# EXERCISE DETAILS
Print the records below exactly, with no pictures.

═════ DATA RECORDS

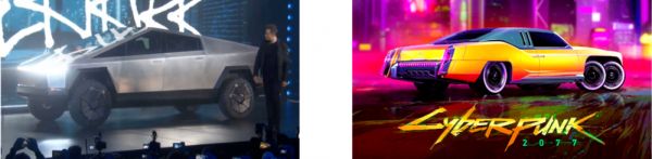 特斯拉皮卡(Tesla Cybertruck)(左)《赛博朋克2077》游戏中的汽车(右)
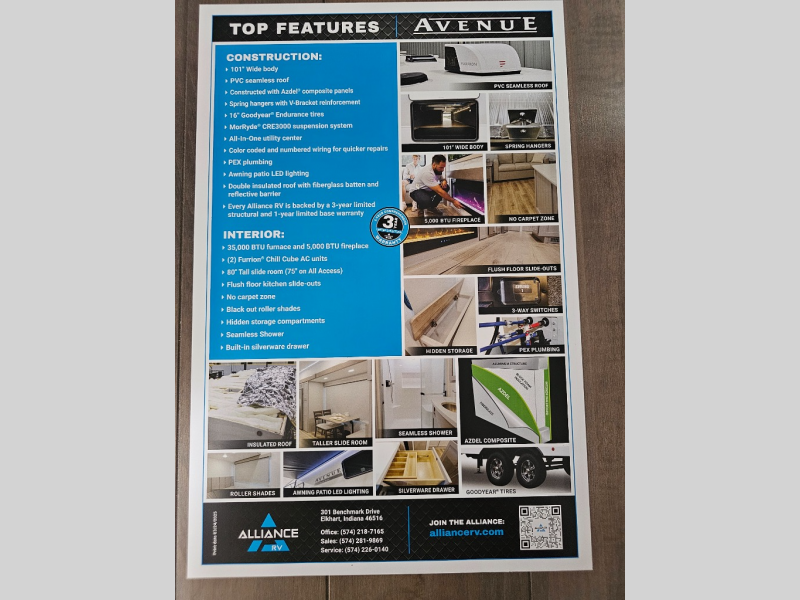 Whether you're enjoying a weekend getaway or full-time RV living, the Avenue 332RL brings the comfort of home wherever you roam. Featuring a wide-body design, upscale finishes, and functional living spaces, this travel trailer delivers everything you need for a premium camping experience.
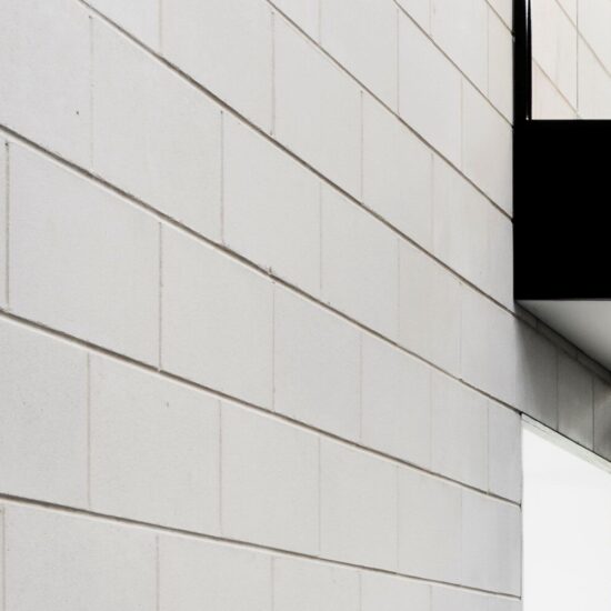 White Blockwork, by Austral Brick. Textural yet understated, lending to the clean and minimal feel.
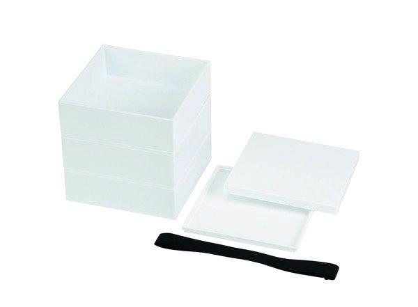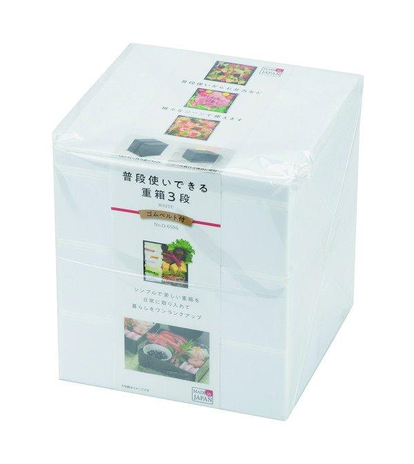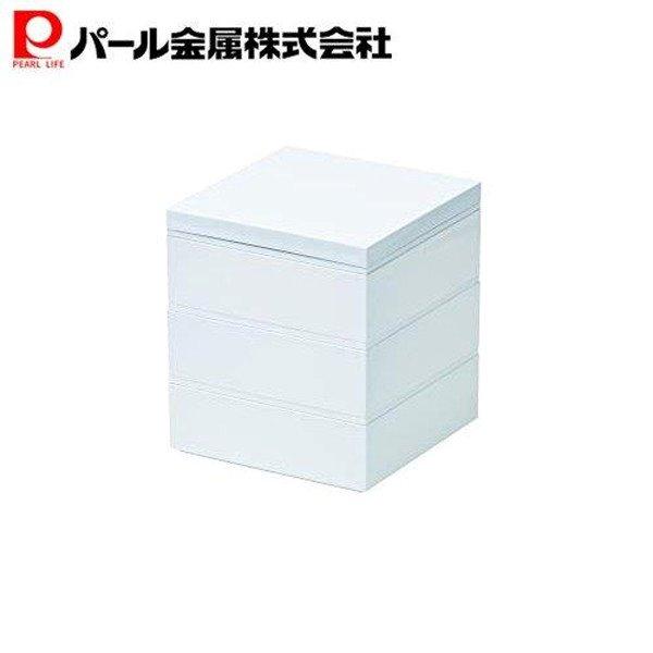 パール金属 普段使いできる重箱3段 ホワイトゴムベルト付 D-6595
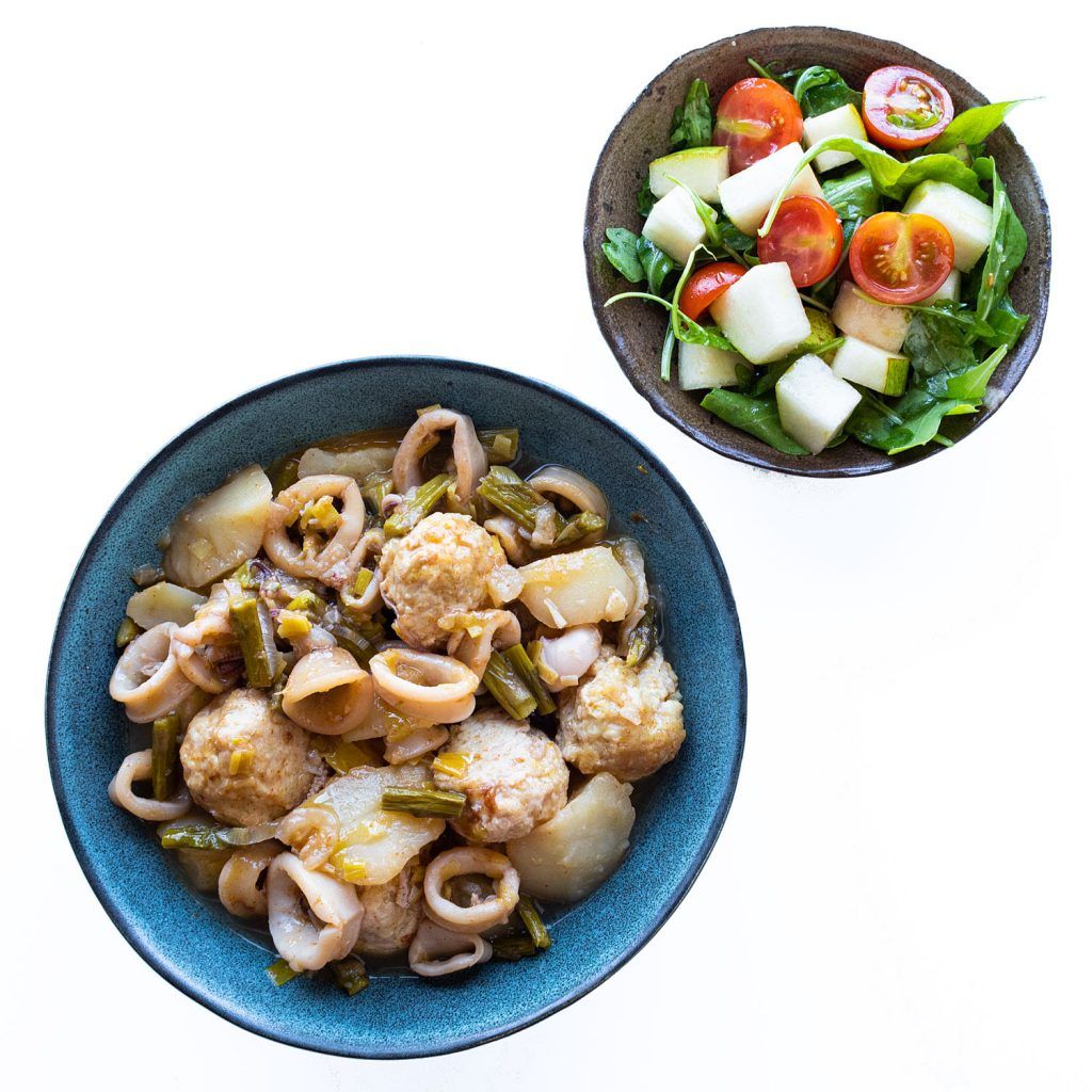 Haz bolitas del tamaño de una nuez y añade a la cazuela del guiso de chipirones. Si te ha quedado poco líquido, añade caldo hasta cubrir ⅔ de las bolitas de pollo. Pon a fuego medio y cierra con la tapa. Cocina durante 10 minutos. Prueba el punto de sal.
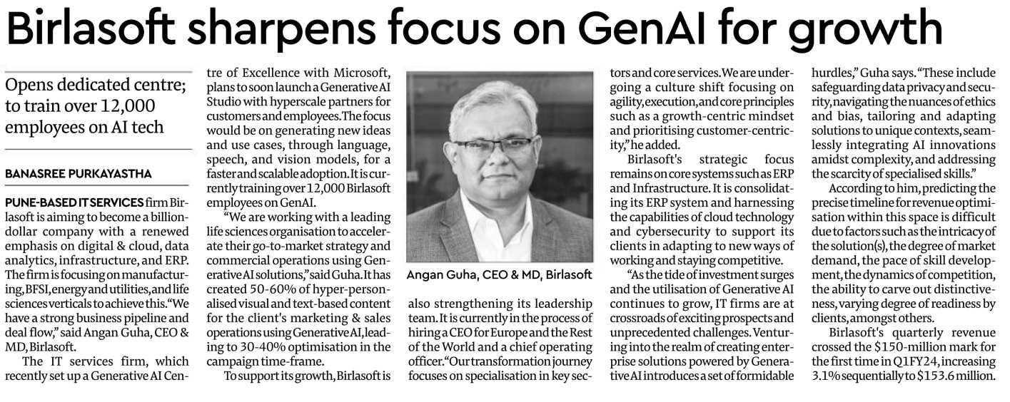 The IT services firm, which recently set up a Generative AI Centre of Excellence with Microsoft, plans to soon launch a Generative AI Studio with hyperscale partners for customers and employees. The focus would be on generating new ideas and use cases, through language, speech, and vision models, for a faster and scalable adoption. It is currently training over 12,000 Birlasoft employees on GenAI.
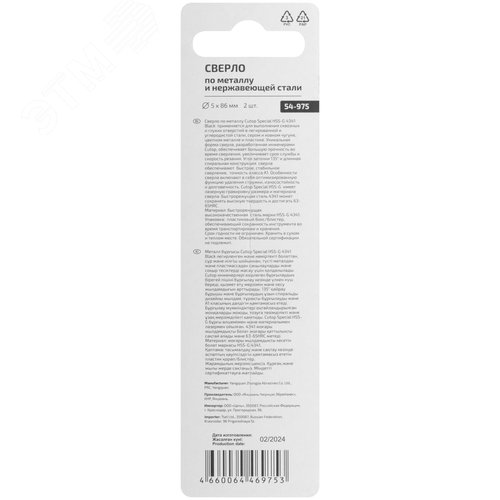 Сверло по металлу Special, HSS-G, 5x86/46 мм, 2 шт.
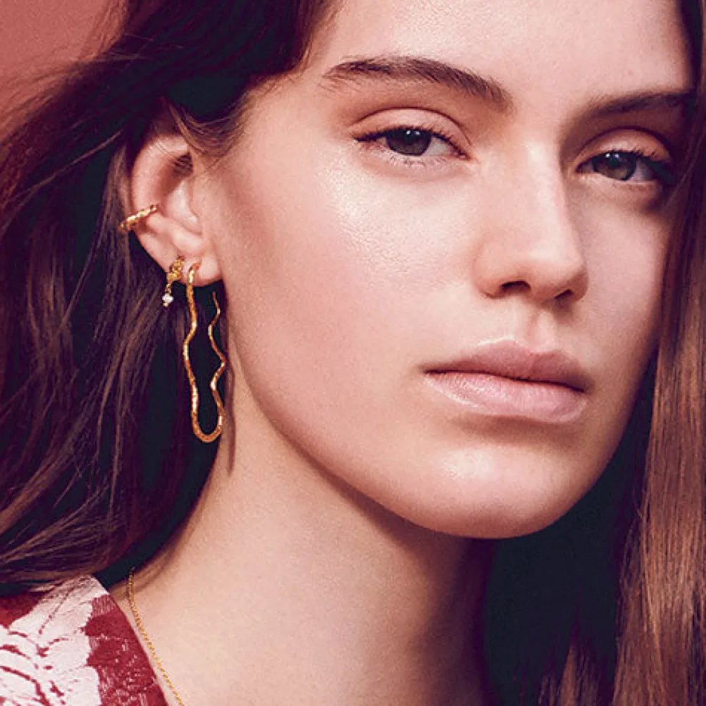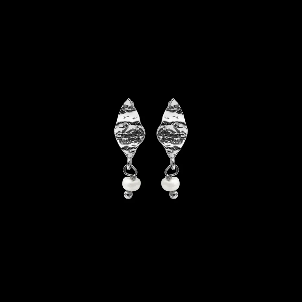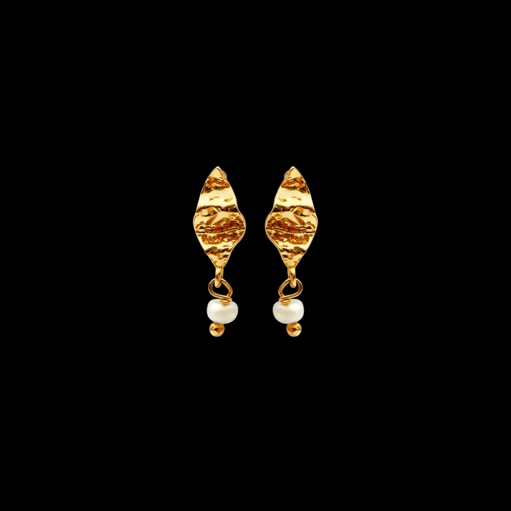 Fine øreringe i forgyldt sterlingsølv, blank poleret og med en banket bølget overflade samt små ferskvandsperler som vedhæng.
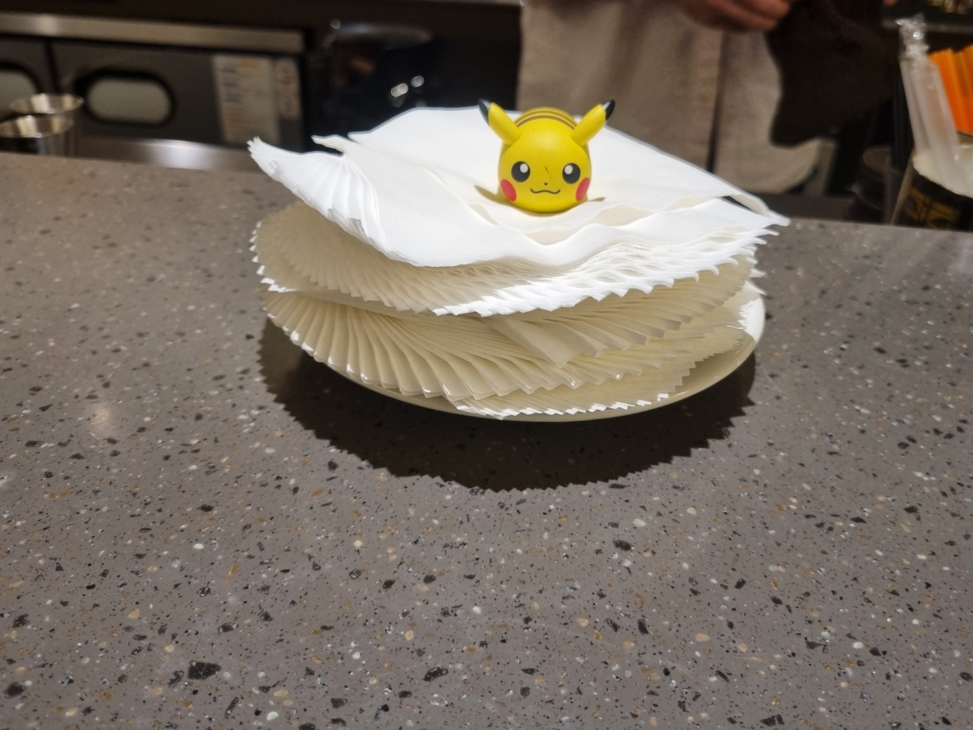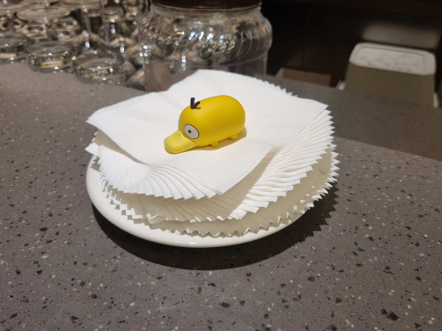 냅킨위에 고라파덕이랑 피카츄 피규어가 있다.
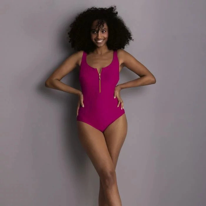 Dámské luxusní jednodílné plavky značky Anita, s posouvacími ramínky. Vepředu rozepínání na zip. Celopodšité. U košíčků podšité gumou pro lepší komfort při nošení.
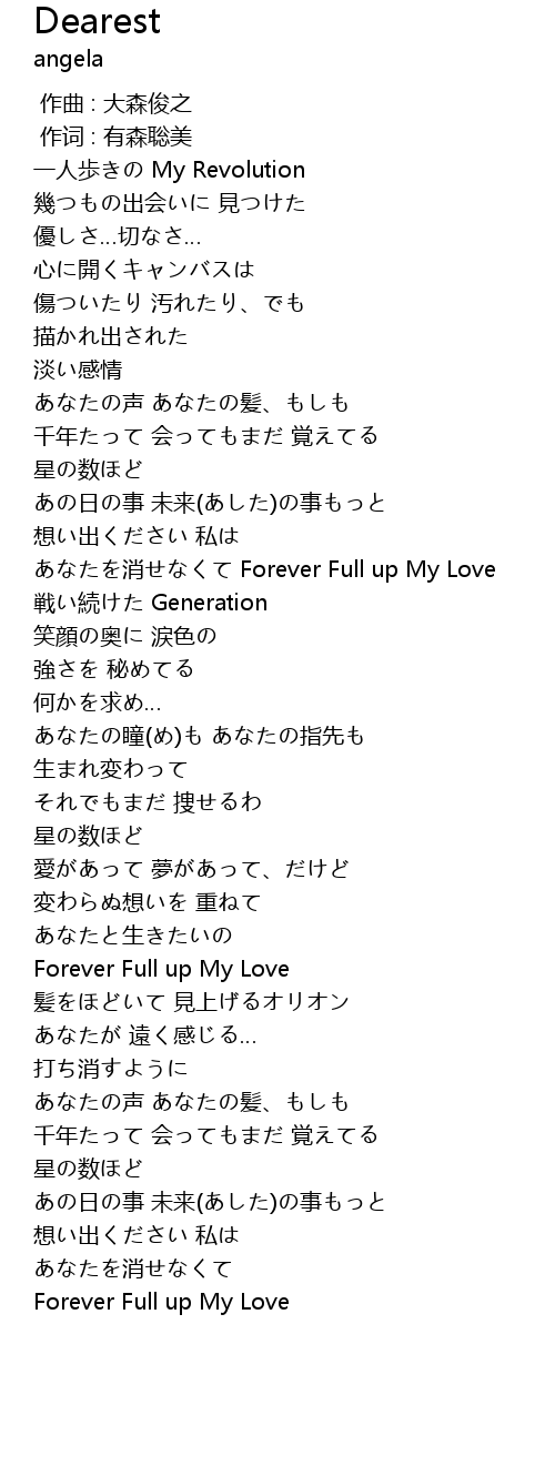 | [01:37.36] | あなたを消せなくて Forever Full up My Love |

══════════

# WRITTEN RESPONSE
 特斯拉皮卡(Tesla Cybertruck)(左)《赛博朋克2077》游戏中的汽车(右)
 Whether you're enjoying a weekend getaway or full-time RV living, the Avenue 332RL brings the comfort of home wherever you roam. Featuring a wide-body design, upscale finishes, and functional living spaces, this travel trailer delivers everything you need for a premium camping experience.
 White Blockwork, by Austral Brick. Textural yet understated, lending to the clean and minimal feel.
 パール金属 普段使いできる重箱3段 ホワイトゴムベルト付 D-6595
 Haz bolitas del tamaño de una nuez y añade a la cazuela del guiso de chipirones. Si te ha quedado poco líquido, añade caldo hasta cubrir ⅔ de las bolitas de pollo. Pon a fuego medio y cierra con la tapa. Cocina durante 10 minutos. Prueba el punto de sal.
 The IT services firm, which recently set up a Generative AI Centre of Excellence with Microsoft, plans to soon launch a Generative AI Studio with hyperscale partners for customers and employees. The focus would be on generating new ideas and use cases, through language, speech, and vision models, for a faster and scalable adoption. It is currently training over 12,000 Birlasoft employees on GenAI.
 Сверло по металлу Special, HSS-G, 5x86/46 мм, 2 шт.
 Fine øreringe i forgyldt sterlingsølv, blank poleret og med en banket bølget overflade samt små ferskvandsperler som vedhæng.
 냅킨위에 고라파덕이랑 피카츄 피규어가 있다.
 Dámské luxusní jednodílné plavky značky Anita, s posouvacími ramínky. Vepředu rozepínání na zip. Celopodšité. U košíčků podšité gumou pro lepší komfort při nošení.
 | [01:37.36] | あなたを消せなくて Forever Full up My Love |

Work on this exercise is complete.